Pero Arthur se había ido. Momentos después Alfred lo oyó cerrar la puerta del baño y comenzar a correr la ducha. Decidió no pelear por ahora; quizás si Arthur viera lo bueno y obediente que era capaz de ser, entonces lo desataría.
Aún así sabía que Arthur no era estúpido. Probablemente sabía que Alfred planeaba volver al Otro Mundo una vez más; y tenía un supra humano sentido del olfato y seguramente estaba perfectamente al tanto de que Gilbert había estado en la casa. Alfred supuso que no lo podía culpar por ser cuidadoso, no después de la noche anterior.
Pero era muy maleducado de su parte el atarlo mientras dormía; casi tan maleducado como matarlo y cortarle la cabeza.
Arthur volvió vistiendo pantalones grises bien planchados y un suéter color borgoña con cuello en v sobre una camisa y una corbata.
"Eres el vampiro más temible que he visto," dijo Alfred con rostro inexpresivo.
"No todos vestimos capas de terciopelo y esmoquin," respondió Arthur fríamente, yendo hacia el armario por su abrigo. "Mezclarse es una manera de sobrevivir. Además, hace frío afuera en esta época del año."
"¿Qué le pasó al abrigo que vestías anoche? ¿El gris?"
Arthur se detuvo. Alfred lo miró con cuidado.
"Es mío," dijo después de un rato, determinado a hacer al vampiro hablar. "Sé que lo es. ¿Por qué lo vestías? Sé que te di la chaqueta de bombardero- pero no te di eso."
(Aunque quizás sí lo había hecho. No podía recordarlo.)
"Me llevó hacia a ti," dijo Arthur eventualmente. "Así es como fui capaz de encontrarte ayer en la noche."
"No estaba al tanto de que los abrigos tuvieran esas propiedades mágicas."
"Es porque lo estabas vistiendo cuando moriste." Arthur se deslizó pasando de la cama, hacia la puerta. "Debo irme. Te veré luego."

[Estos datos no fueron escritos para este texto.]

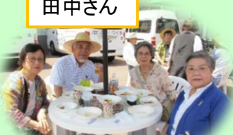
紙芝居やまぼうしさん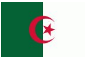
Алжир Филиал Gazprom International в Алжире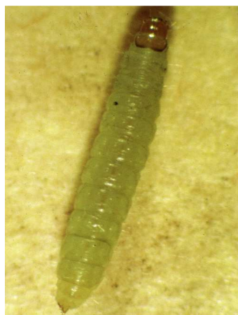
Ευδεμίδα. Προνύμφη πολύ ευκίνητη, μέχρι 1εκ. μήκος.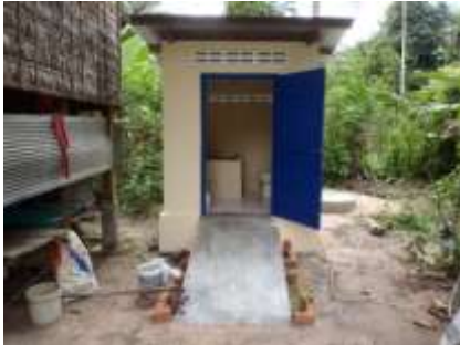
invalide toilet voor Signoon, ze heeft een dwarsleesie

De vele gedoneerde spullen als kleren etc. uitgedeeld vanuit de container.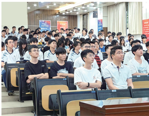
■赛前培训中,选手们认真听讲。

比赛启动后,吸引近百名职业院校师生及企业职工参与。赛事分学生组和职工组两个类别,学生组参赛者提交作品后由专家裁判集中评审,职工组选出前25名进入决赛,进行作品展示、阐述及答辩。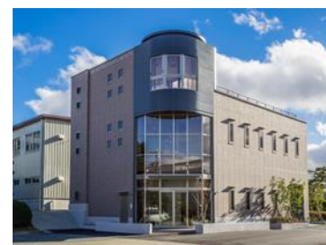
写真：2014 年に開設した近畿メカノケミカル研究所

所在地 神戸市中央区栄町通 4 丁目 2 番 18 号 設立 1948 年 資本金 6,500 万円 従業員数 180 名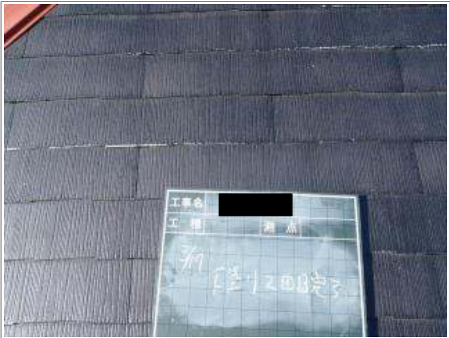
屋根塗装下塗り2回目施工完了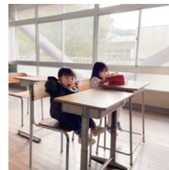
学校の先生だった人さん 松橋町 学校楽しい人々？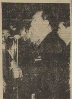
Don Julio Barrenechea, vicepresidente de la Cámara de Diputados, dirigiendo la palabra a la muchedumbre

Chile, republicano y democrático por tradición y por historia, recibió la noticia de la captura de la capital nazi con el entusiasmo con que este pueblo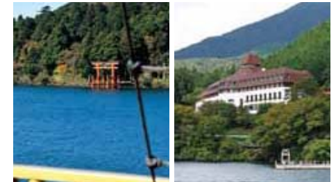
箱根神社水中鳥居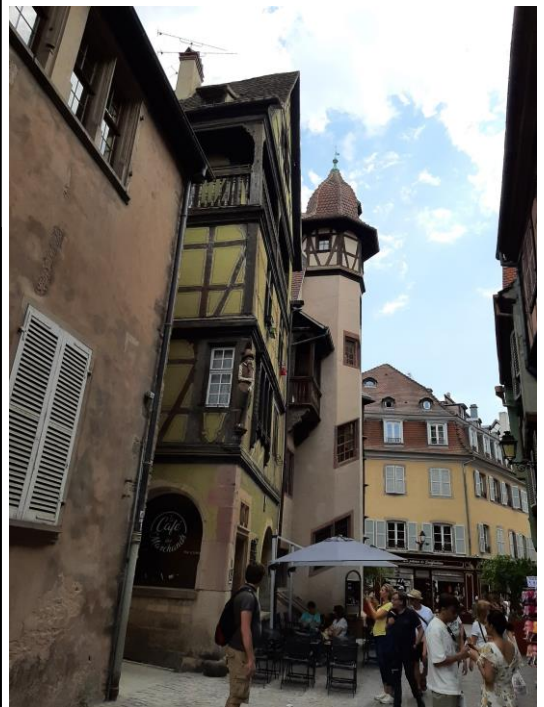
Das Pfister Haus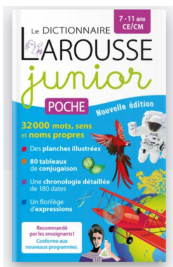
Dictionnaire LAROUSSE junior (si il y en a déjà un à l'école, pas nécessaire d'en acheter un neuf)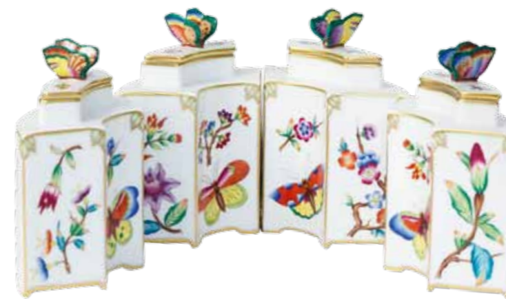
teatartó dobozok 6370-0-21 VICTORIA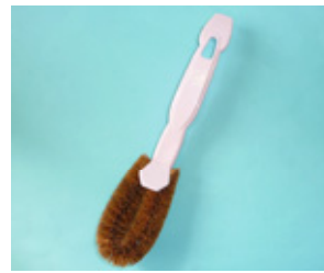
シューズブラシ ヘラ付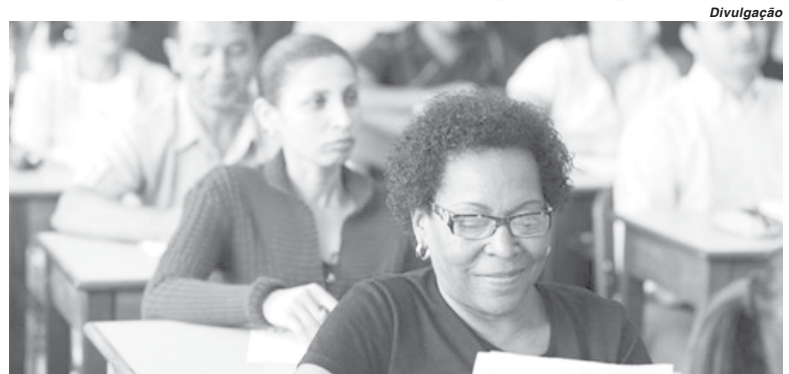
Interessados devem entrar em contato com uma das unidades de ensino que oferecem a modalidade

Em São Sebastião do Paraíso a oportunidade é oferecida pelas escolas estaduais Comendadora Ana Cândido de Figueiredo, Benedito Ferreira Calafiori e na E.M. Campos do Amaral. Na região atendida pela 35ª Superintendência Regional de Ensino, a atividade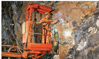
2 Uso di una piattaforma di lavoro elevabile per i lavori in altezza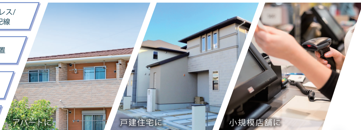
固定焦点ドーム型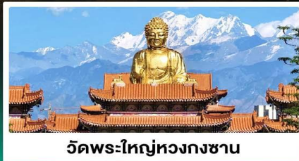
วัดพระใหญ่ทองกงซาน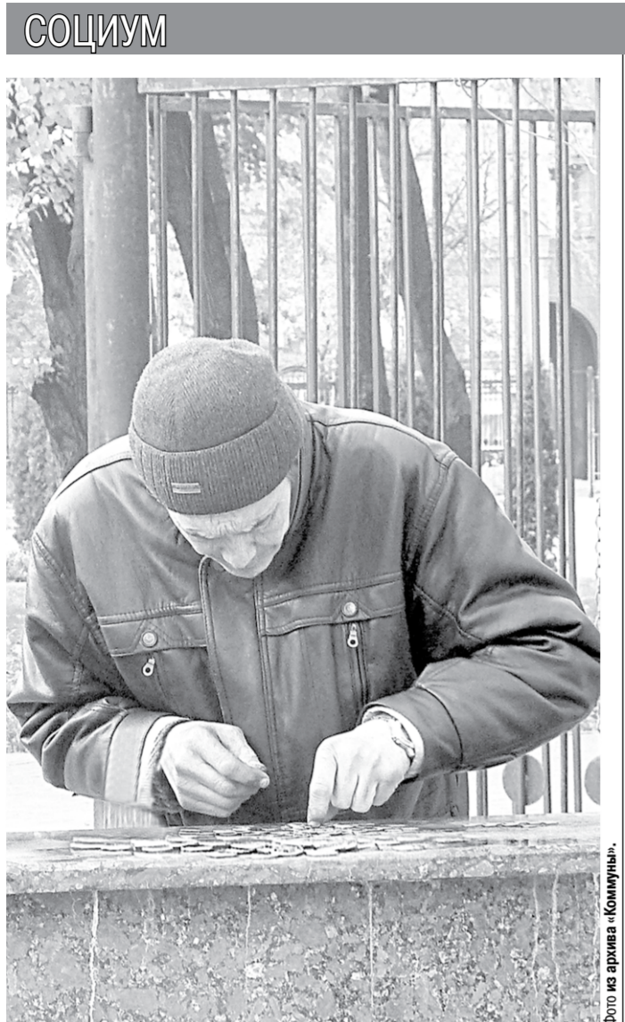
Хватит ли мелочи на буханку хлеба?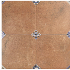
MANISES DECOR CUERO 58X58 - 22,8"X22,8"

"¡Espera!" Alfred jaló furiosamente de sus ataduras mientras el vampiro dejaba la habitación. "Arthur, ¡No puedes volver a salir! ¡Es peligroso! ¡Después de anoche probablemente estén esperando por ti!"
"Puedo cuidarme solo, gracias." Arthur le envió última mirada fulminante. "Buenas tardes."

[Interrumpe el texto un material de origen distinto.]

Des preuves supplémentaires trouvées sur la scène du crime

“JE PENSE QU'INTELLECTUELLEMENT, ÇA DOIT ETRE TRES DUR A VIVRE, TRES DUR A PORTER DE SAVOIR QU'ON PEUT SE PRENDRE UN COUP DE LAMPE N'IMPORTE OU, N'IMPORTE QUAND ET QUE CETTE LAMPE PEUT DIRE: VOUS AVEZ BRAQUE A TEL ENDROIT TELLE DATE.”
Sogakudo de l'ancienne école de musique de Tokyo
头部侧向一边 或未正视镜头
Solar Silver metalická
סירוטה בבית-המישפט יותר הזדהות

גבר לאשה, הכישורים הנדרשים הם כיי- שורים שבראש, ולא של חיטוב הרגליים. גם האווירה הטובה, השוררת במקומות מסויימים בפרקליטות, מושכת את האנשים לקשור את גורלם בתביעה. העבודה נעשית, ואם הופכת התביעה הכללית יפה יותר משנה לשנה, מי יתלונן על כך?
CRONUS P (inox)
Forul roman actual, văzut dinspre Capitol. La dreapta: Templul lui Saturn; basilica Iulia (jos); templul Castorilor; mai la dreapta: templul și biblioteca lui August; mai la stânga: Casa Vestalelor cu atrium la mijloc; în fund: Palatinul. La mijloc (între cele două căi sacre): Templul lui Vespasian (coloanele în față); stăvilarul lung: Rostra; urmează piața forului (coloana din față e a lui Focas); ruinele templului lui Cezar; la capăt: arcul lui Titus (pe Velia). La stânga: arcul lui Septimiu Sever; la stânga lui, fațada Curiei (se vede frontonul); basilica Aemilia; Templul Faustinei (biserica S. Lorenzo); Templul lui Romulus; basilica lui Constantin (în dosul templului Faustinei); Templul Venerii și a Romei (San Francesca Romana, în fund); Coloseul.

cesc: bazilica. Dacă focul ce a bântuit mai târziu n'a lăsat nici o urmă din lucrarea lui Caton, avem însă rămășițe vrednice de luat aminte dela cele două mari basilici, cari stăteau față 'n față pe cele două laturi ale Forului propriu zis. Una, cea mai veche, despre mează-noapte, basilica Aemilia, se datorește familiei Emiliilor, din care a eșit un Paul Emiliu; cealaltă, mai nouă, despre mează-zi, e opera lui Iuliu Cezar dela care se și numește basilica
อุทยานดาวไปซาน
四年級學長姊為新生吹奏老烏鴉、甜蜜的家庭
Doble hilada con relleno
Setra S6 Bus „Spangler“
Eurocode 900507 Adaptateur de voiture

Alfred se sacudió con rabia en la cabecera. "Arthur, ¡No te atrevas a dejarme aquí! ¡Vuelve y desátame! ¡Arthur!"
Arthur no lo hizo. Alfred escuchó la puerta principal cerrándose momentos después y comenzó a maldecir, llamando a Arthur de distintas formas bajo el sol- que no hacía mucho para ayudarlo en su situación, pero lo hizo sentirse un poco mejor.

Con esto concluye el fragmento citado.